Advancing multi cancer early detection

As multi-cancer early detection (MCED) testing gains momentum, experts are honing their focus on what comes next for patients with a positive MCED test result. Understanding the diagnostic pathways available after testing are an important aspect of minimizing harm, patient anxiety, and unnecessary interventions.
During a recent discussion, Becker’s Healthcare and Exact Sciences hosted leaders from Johns Hopkins Medicine and Exact Sciences to talk about how imaging plays a critical role in guiding next steps after a positive MCED result by confirming and localizing malignancies.
Here are four key takeaways from the conversation:
1. Positive MCED tests follow imaging-based diagnostic pathways or molecular tumor of origin (TOO) diagnostic pathways.
There are two diagnostic pathways following a positive MCED test result. One is the imaging based diagnostic pathway, and the other is the molecular tumor of origin (TOO)/cancer signal of origin (CSO) diagnostic pathway.
While some MCED tests may provide a predicted TOO/CSO, the molecular prediction may be inconclusive or incorrect. In these cases, patients with a positive MCED test may follow up with a targeted imaging procedure and then need to undergo subsequent whole-body imaging. In contrast, using whole-body imaging for diagnostic confirmation of a positive MCED test can offer an efficient workflow solution.
Most patients will require cross-sectional imaging regardless of whether a TOO signal is conclusive, explained Tomasz Beer, MD, Chief Medical Officer and VP of MCED at Exact Sciences. He cited the landmark DETECT-A study published in Science, noting that in this prospective, interventional study of over 10,000 participants, a CT-based diagnostic pathway localized all 26 detected cancers and provided reliable resolution for false positive MCED test results.
Enabling maximally conclusive diagnoses with optimum efficiency remains a critical component of improving patient care and the overall patient experience.
“Fewer diagnostic procedures is not just more efficient, less expensive, and safer — but it’s faster,” Dr.
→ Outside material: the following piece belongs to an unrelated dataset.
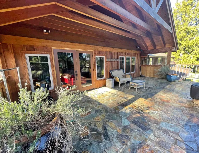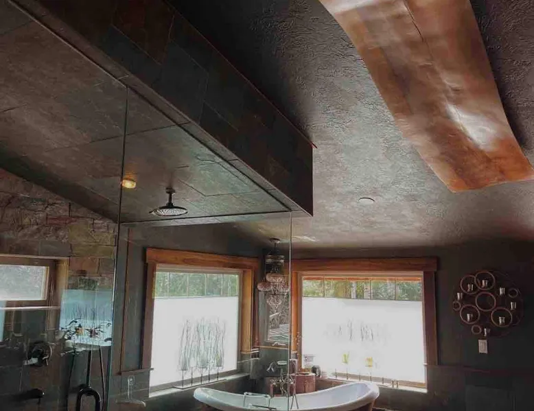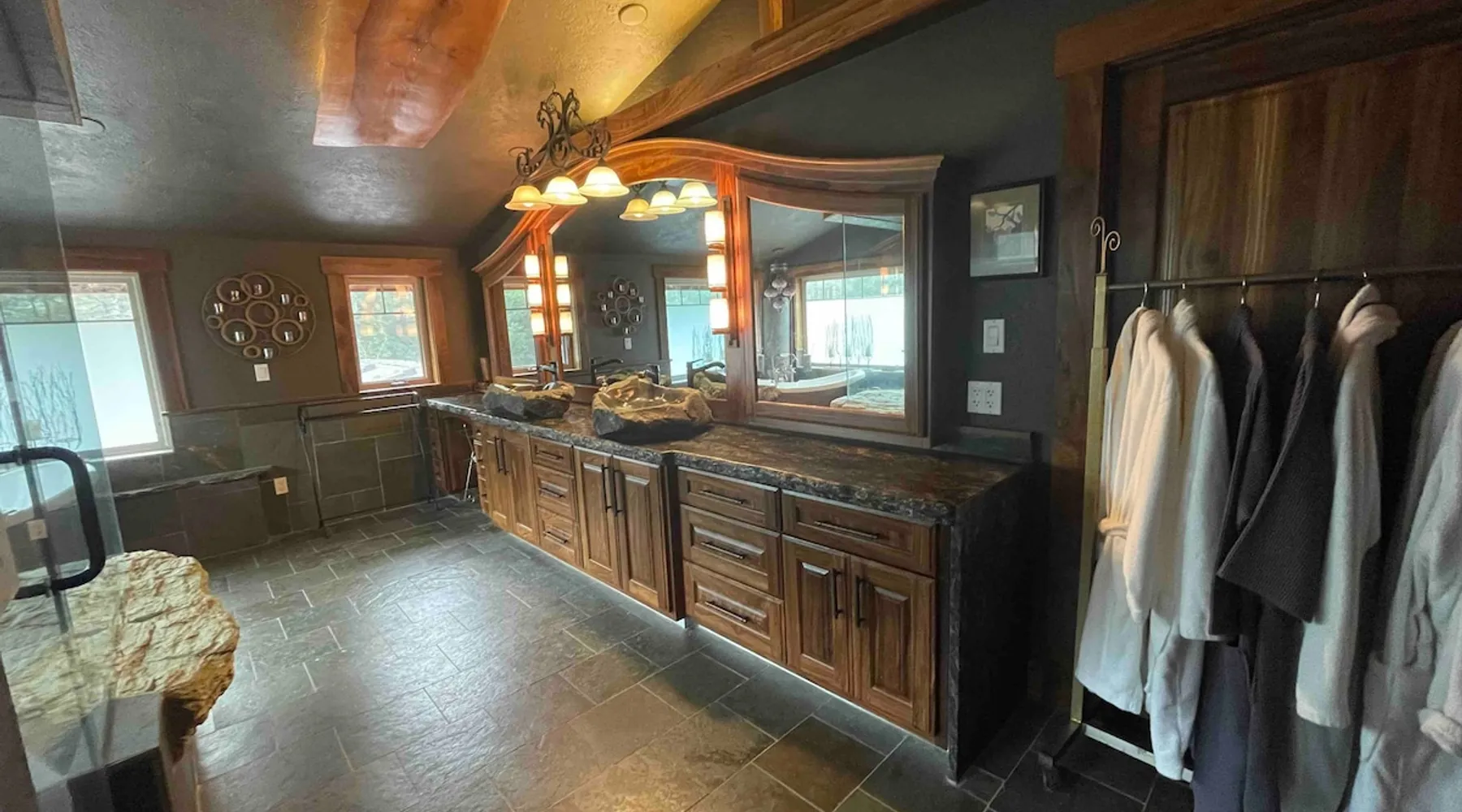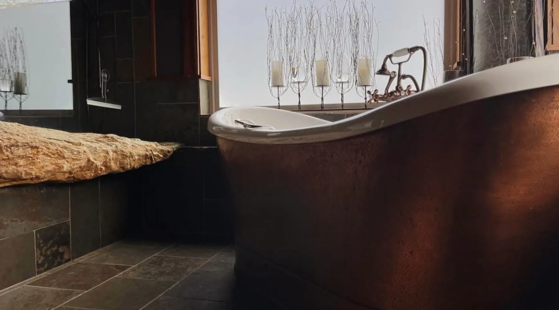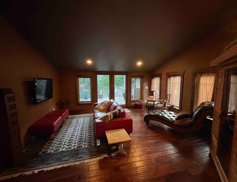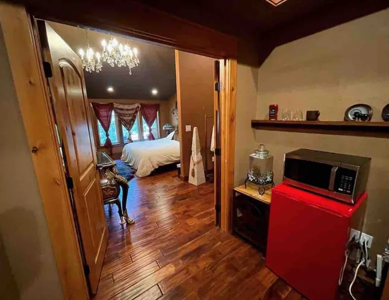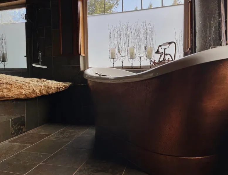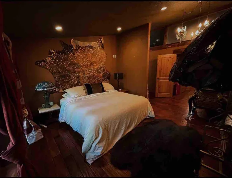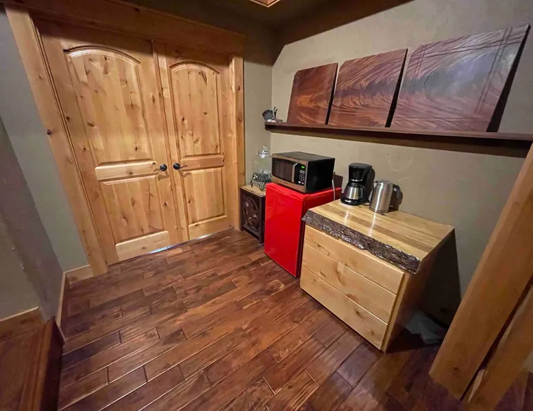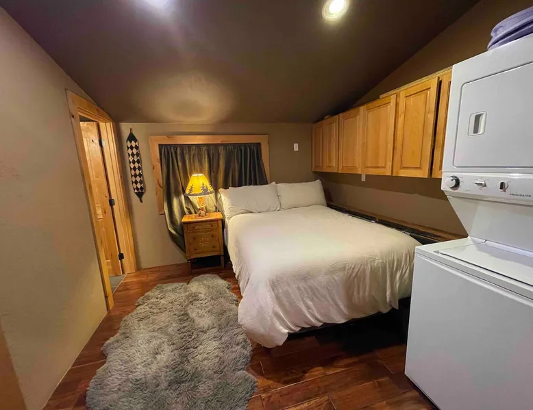 Come bathe in the forest’s beauty hiking our trails or spending the day at the beach. Return in the evening to a relaxing shower sitting atop a 4 thousand pound rock built into our custom shower. Finish the day in the dry sauna, or gazing beneath a full sky of stars. Perfect for couple get-aways and a paradise for friendly doggies. The space The room is attached to the house, but is insulated for utmost privacy.

Beer said. “When things are faster, patients get to their answers more quickly and can rest easy if they’re cancer free, or get a robust answer if they have to face cancer.”
2. Imaging-based pathways are predicted to reduce diagnostic burden for patients with positive MCED tests.
Dr. Xiting Cao, the Director of Health Economics and Outcomes Research at Exact Sciences, shared findings from a recent modeling study published in JNCI Cancer Spectrum that compared the efficiency and impact of imaging-first diagnostic pathways for positive MCED result confirmation to those diagnostic pathways guided by molecular predictions.
In this study, researchers explored all diagnostic procedures that would provide clinical information essential for cancer treatment. Modeling data indicated that patients with false positive MCED test results who follow an imaging-based diagnostic pathway are expected to undergo 2.40 procedures, while patients with false positive MCED test results who follow a molecular TOO/CSO diagnostic pathway are expected to undergo 4.05 procedures. The diagnostic burden was higher for the molecular TOO/CSO strategy across all positive predictive values and localization performances.
These findings also highlight the importance of efficient care coordination to ensure timely clinical evaluation and diagnostic procedures following a positive MCED test result, helping to minimize diagnostic delays.
3. Imaging scalability improves care for patients with positive MCED test results
Elliot Fishman, MD, Professor of Radiology, Oncology and Surgery at Johns Hopkins Medicine emphasized that computed tomography (CT) is well-positioned to support diagnostic resolution following a positive MCED result due to both its wide availability and improved precision.
“People are not going to be able to travel hundreds of miles or 50 miles even,” Dr. Fishman said, acknowledging the critical nature of accessible imaging. He also noted that advanced techniques like photon-counting CT and AI are improving resolution while reducing radiation exposure. “One of the biggest gains that you’re going to see in the short term and long term is the accuracy of imaging, because AI is being used to improve the accuracy of detection.”
4. The integration of MCED testing and efficient workflows for positive results has the potential to enhance care
To ensure high-value use of imaging, Dr. Beer stressed the importance of patient education and clear care pathways. The Cancerguard™ EX test, Exact Sciences’ MCED test, is designed with a specificity of 98%. If successfully integrated into clinical workflows, MCED testing and prompt imaging could dramatically reshape cancer detection and early intervention over the next five years.
Dr. Cao’s research shows widespread use of annual MCED testing could reduce stage IV cancer incidence by 42% and cancer-specific mortality by 18% within a decade.
“To really achieve a significant reduction in the burden that cancer places on all of us, we must advance early detection,” remarked Dr. Beer. “This is a very promising way to pursue that.”
Disclaimer: The webinar, “Seeing Beyond the Signal: Imaging After a Positive MCED Test,” and this article were sponsored by Exact Sciences. The content of this article is not medical advice.